What to produce:
Search the entries for the word "upper" and return every line where it is found.

(Beginning of Given entries)

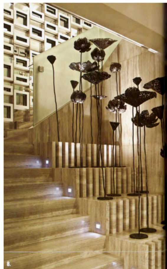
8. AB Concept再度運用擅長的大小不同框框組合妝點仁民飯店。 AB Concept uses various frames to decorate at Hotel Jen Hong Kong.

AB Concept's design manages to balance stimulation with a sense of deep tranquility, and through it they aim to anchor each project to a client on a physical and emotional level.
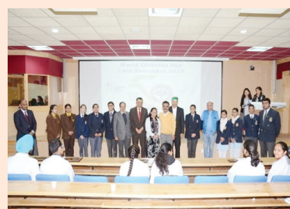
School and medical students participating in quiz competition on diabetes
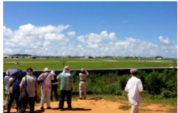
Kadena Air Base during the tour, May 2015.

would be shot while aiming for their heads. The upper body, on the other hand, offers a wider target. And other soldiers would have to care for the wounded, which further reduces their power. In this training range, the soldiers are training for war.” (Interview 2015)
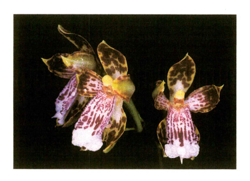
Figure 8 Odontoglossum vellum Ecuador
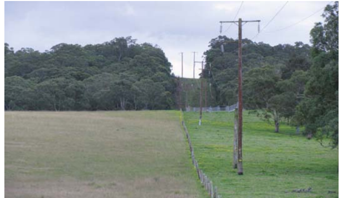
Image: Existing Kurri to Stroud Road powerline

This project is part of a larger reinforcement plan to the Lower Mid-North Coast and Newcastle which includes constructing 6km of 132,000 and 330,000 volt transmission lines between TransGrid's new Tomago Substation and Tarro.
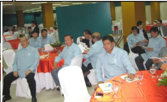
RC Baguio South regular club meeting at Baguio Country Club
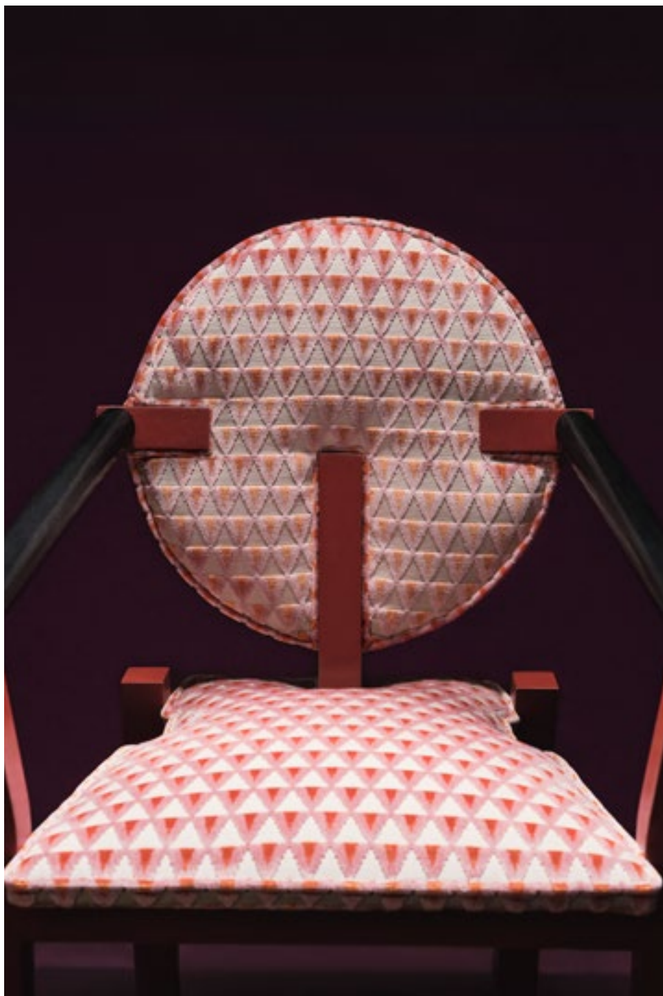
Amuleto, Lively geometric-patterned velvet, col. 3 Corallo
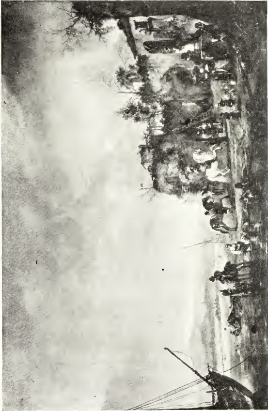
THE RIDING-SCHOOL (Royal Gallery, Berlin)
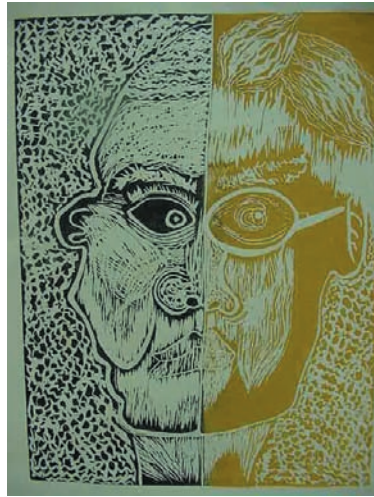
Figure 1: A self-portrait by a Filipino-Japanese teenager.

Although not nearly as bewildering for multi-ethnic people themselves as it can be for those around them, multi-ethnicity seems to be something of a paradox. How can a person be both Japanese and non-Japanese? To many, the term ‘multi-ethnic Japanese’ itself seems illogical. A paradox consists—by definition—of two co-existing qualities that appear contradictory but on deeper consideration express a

(End of Given entries)
(Beginning of Given entries)

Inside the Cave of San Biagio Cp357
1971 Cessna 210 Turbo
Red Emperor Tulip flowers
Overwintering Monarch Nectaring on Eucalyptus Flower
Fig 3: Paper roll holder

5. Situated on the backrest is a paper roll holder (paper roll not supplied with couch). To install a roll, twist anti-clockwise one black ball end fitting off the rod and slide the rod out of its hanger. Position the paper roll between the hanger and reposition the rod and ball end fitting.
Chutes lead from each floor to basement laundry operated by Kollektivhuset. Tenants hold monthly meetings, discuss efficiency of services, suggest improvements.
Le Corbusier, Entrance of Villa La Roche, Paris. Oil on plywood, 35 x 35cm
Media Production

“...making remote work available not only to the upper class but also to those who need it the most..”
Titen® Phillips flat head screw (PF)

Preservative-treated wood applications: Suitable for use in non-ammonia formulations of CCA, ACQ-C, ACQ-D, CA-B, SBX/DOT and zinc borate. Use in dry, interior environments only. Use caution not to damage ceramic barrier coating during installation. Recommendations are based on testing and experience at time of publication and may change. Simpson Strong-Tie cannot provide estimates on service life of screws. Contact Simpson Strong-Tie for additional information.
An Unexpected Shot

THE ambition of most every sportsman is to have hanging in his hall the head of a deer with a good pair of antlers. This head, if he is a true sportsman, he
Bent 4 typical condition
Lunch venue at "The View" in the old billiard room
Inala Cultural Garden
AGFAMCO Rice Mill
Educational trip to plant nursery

(End of Given entries)
(Beginning of Given entries)

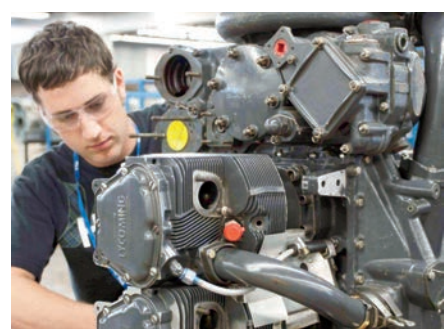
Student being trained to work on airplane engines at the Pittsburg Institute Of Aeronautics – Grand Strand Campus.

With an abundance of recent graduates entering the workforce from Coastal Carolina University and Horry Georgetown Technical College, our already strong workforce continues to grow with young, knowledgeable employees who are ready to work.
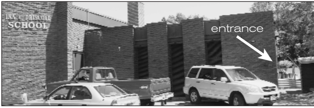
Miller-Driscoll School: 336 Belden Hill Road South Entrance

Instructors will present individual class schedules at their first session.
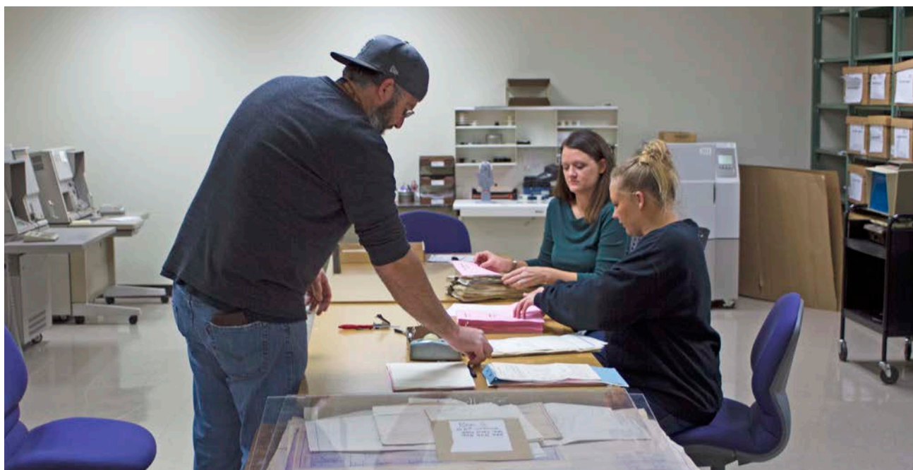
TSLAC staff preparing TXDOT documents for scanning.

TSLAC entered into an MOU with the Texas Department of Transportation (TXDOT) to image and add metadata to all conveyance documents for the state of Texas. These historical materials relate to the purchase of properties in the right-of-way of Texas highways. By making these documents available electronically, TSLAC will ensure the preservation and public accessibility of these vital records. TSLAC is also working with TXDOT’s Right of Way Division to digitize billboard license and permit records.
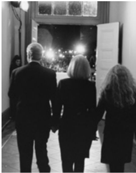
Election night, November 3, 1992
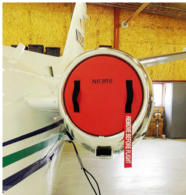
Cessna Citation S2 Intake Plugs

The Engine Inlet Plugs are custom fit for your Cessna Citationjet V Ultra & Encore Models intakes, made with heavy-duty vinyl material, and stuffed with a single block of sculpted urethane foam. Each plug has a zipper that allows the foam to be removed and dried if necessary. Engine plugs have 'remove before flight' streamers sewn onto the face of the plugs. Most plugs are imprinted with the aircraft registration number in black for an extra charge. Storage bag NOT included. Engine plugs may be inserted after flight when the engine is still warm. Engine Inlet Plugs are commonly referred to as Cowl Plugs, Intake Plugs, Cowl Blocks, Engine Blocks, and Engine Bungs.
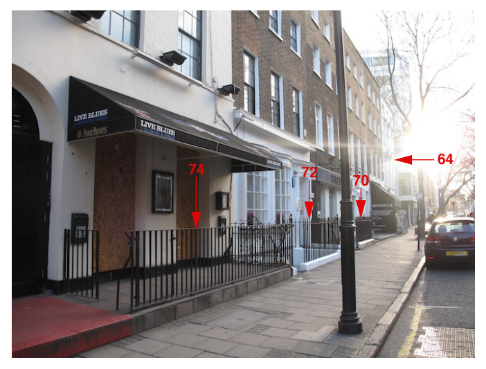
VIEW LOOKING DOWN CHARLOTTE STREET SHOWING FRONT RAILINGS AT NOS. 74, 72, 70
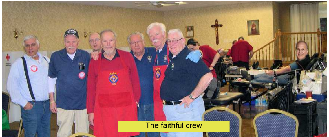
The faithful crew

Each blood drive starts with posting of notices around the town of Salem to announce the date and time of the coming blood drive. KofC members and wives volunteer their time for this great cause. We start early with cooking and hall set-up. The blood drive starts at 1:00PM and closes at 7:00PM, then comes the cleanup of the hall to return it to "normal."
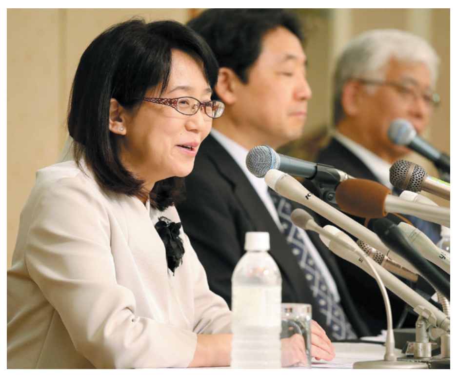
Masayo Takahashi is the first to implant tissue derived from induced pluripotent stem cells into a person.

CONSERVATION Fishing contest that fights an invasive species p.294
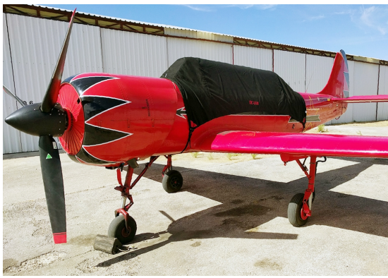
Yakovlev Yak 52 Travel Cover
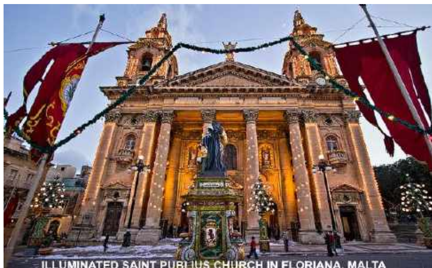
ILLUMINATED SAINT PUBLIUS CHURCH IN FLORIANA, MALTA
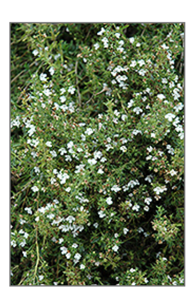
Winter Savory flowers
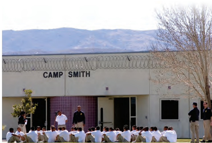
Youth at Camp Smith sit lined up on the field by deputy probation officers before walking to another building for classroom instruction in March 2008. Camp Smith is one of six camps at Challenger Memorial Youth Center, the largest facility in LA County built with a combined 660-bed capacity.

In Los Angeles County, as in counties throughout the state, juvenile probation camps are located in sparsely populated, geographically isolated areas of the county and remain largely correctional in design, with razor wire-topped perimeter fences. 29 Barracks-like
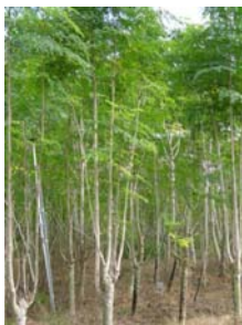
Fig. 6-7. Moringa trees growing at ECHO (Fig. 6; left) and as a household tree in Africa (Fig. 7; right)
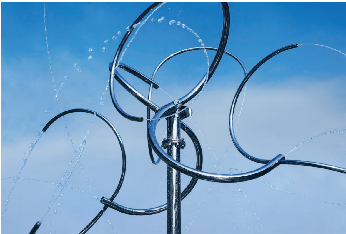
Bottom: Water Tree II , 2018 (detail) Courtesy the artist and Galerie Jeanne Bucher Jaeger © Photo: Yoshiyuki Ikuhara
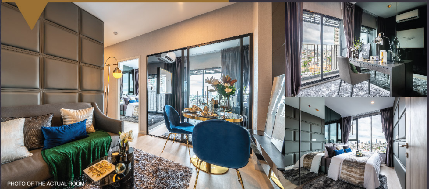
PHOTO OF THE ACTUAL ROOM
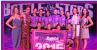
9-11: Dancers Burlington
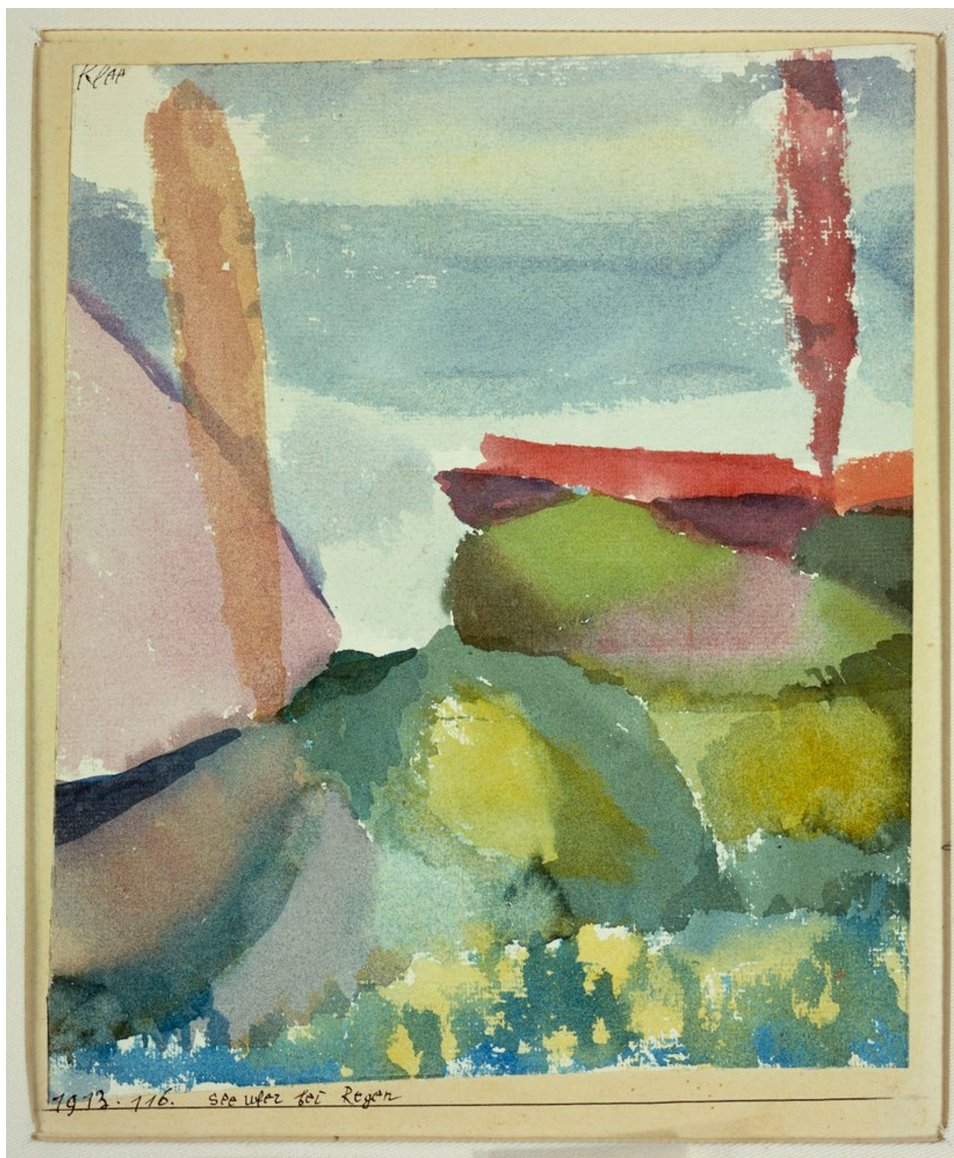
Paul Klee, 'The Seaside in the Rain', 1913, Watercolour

(End of Given entries)

Solved problem:
would be shot while aiming for their heads. The upper body, on the other hand, offers a wider target. And other soldiers would have to care for the wounded, which further reduces their power. In this training range, the soldiers are training for war.” (Interview 2015)
“...making remote work available not only to the upper class but also to those who need it the most..”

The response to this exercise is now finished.